> **EXERCISE GOAL**
Please, without any pictures, set down exactly the part of the listing below that opens with the line containing "android.app.Wi" and closes with the line containing "These Swedish Hasbeens".

> **RECORDS PROVIDED**
────────────────

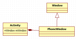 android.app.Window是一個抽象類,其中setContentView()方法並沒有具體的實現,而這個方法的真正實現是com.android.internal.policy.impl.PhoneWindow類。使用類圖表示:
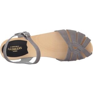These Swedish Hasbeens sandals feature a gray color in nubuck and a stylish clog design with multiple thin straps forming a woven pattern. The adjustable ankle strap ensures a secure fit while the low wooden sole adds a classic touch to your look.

────────────────

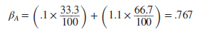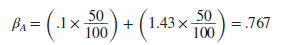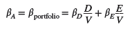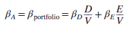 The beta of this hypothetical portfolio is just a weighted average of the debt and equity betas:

────────────────

> **WRITTEN RESPONSE**
 android.app.Window是一個抽象類,其中setContentView()方法並沒有具體的實現,而這個方法的真正實現是com.android.internal.policy.impl.PhoneWindow類。使用類圖表示:
These Swedish Hasbeens sandals feature a gray color in nubuck and a stylish clog design with multiple thin straps forming a woven pattern. The adjustable ankle strap ensures a secure fit while the low wooden sole adds a classic touch to your look.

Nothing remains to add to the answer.